What happened to America's productivity boom?
In the mid-20th century, productivity growth — which basically means workers doing more with less — bounced around at 2 to 4 percent. It fell in the 1970s and '80s to under 2 percent, then jumped briefly back to the mid-century trend in the late '90s and early 2000s. Then it collapsed again with the Great Recession and has stayed at rock-bottom since. And economists don't really know why.
There have been a few theories, of course. Since we're swimming in iPhones and personal apps, what if our methods of measuring productivity are just off? Recent research put the kibosh on that idea. Or maybe the quality of American workers just isn't what it once was? Research nixed that one too. Maybe taxes and regulations are discouraging innovation — but the slowdown is everywhere: Canada, Britain, Japan, Germany, etc. Economist Robert Gordon theorizes that 20th Century technology gains — electricity, cars, washing machines, toilets, airplanes — were by their nature one-of-a-kind advances we won't ever repeat. Which is possible. But who can predict the future?
There is, however, another theory that more left-leaning economists like Jared Bernstein and Josh Bivens have been pushing. And this week it got a subtle boost from none other than Federal Reserve Chair Janet Yellen, in a speech she gave in Philadelphia.

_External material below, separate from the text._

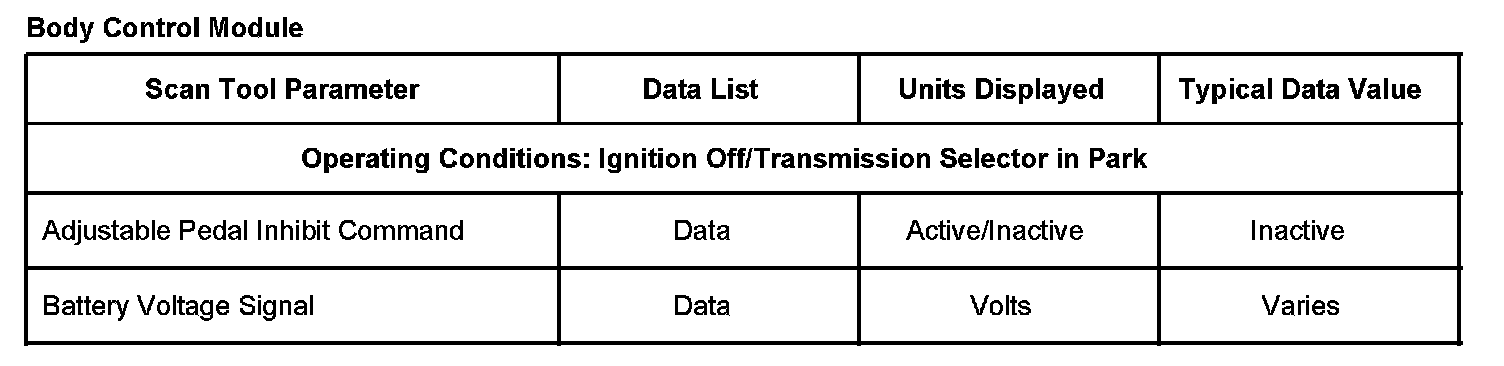 Body Control Module Scan Tool Data List:

There is some evidence that the deep recession had a long-lasting effect in depressing investment, research and development spending, and the start-up of new firms, and that these factors have, in turn, lowered productivity growth. With time, I expect this effect to ease in a stronger economy. I also see no obvious slowdown in the pace or the potential benefits of innovation in America, which likewise may bear fruit more readily in a stronger economy. [Yellen]
Where Yellen matches the thinking of left-wing economists is on the "long-lasting effect" of the Great Recession and the possibility that innovation will return with a stronger economy. Because a strong economy has one key characteristic: It's really hard for businesses to find enough workers.

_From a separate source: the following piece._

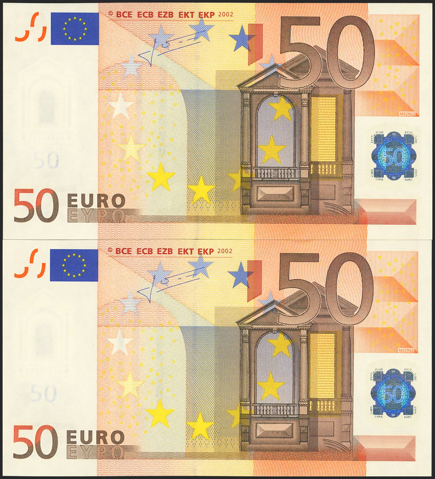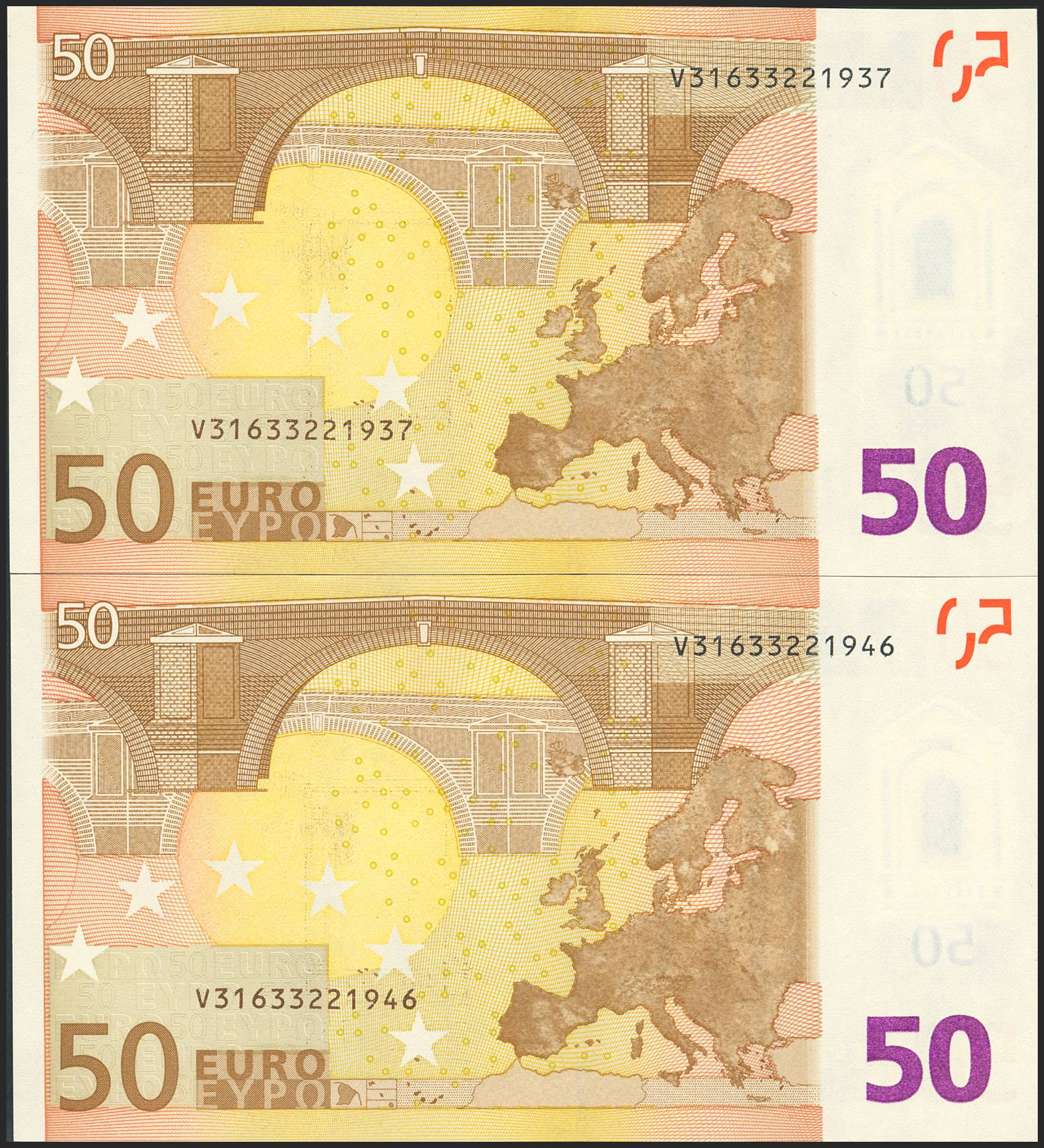 50 Euros. 2002. Firma Trichet. Pareja correlativa. Serie V (España). (Edifil 2023: 489A). SC/SC-.

Think about it: When the economy is strong, jobs are plentiful. And when jobs are plentiful, companies live in terror of losing their workers to competitors that will pay them more. So businesses have to constantly invest in new capital, labor-saving technology, and research and development in order to do more with the dwindling supply of workers they can afford. But crucially this only holds true when the ratio of job seekers to openings is one-to-one.
Right now there are 1.4 seekers for every job — meaning it's workers, not businesses, who are terrified. That means workers aren't demanding higher wages, which means businesses can maintain a profit by squeezing their employees with depressed wages rather than boosting productivity. Plus, in a depressed economy, borrowing is cheap and interest rates are low because there's lots of excess money floating around. That allows unproductive companies to roll over cheap loans and extend their lives.

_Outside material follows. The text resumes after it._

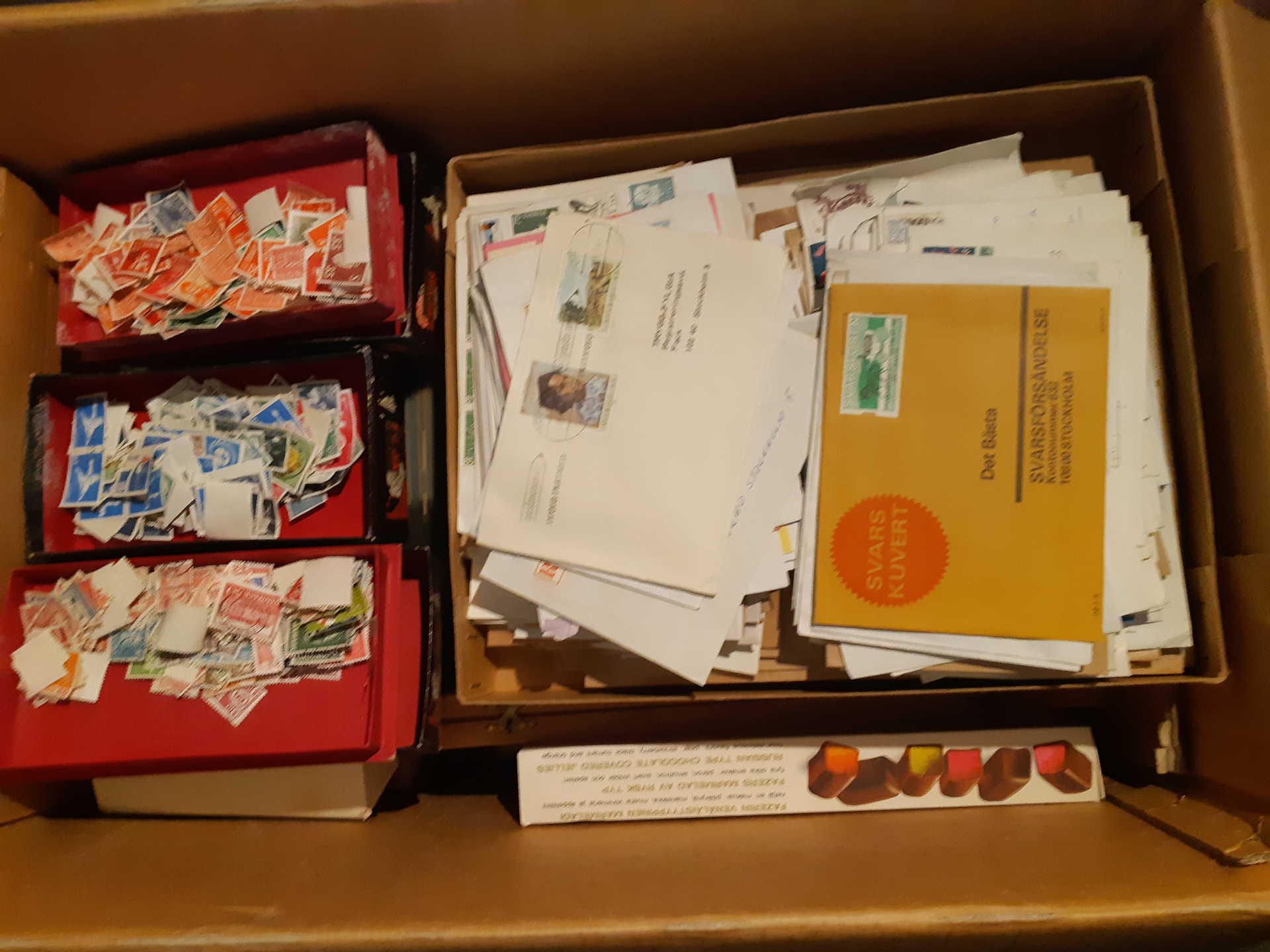 Sweden. Accumulation ★★/★/⊙ old–modern in removal box. Loose stamps, covers, Sweden slot-machine booklets with face value 1260 according to vendor and a few somewhat better FDCs e.g. 1939 'Vetenskapsakademin'. The most expensive items in poorer quality, otherwise mostly fine. Approx. 11 kg. (1000s)

When Vox editor Ezra Klein looked at the productivity mystery, he concluded new technological advances are happening, but they just aren't changing the way we work, specifically. The tech is there, but it's not diffusing through the market. The lack of enough jobs for everyone is probably why: Businesses aren't creating, learning, or adopting new technologies simply because they don't have to in order to stay profitable.
As it turns out, the last time the job seekers-to-openings neared the 1-to-1 ratio was in that late '90s economic and innovation boom. The data doesn't go back before that, but we have other measures showing the only other time jobs were similarly plentiful was back in the mid-century, up to the mid-'70s, which roughly matches up with rising productivity.
Basically, the economy has gone through long periods over the last few decades when there's more available workers than available jobs. When that happens, businesses get lazy.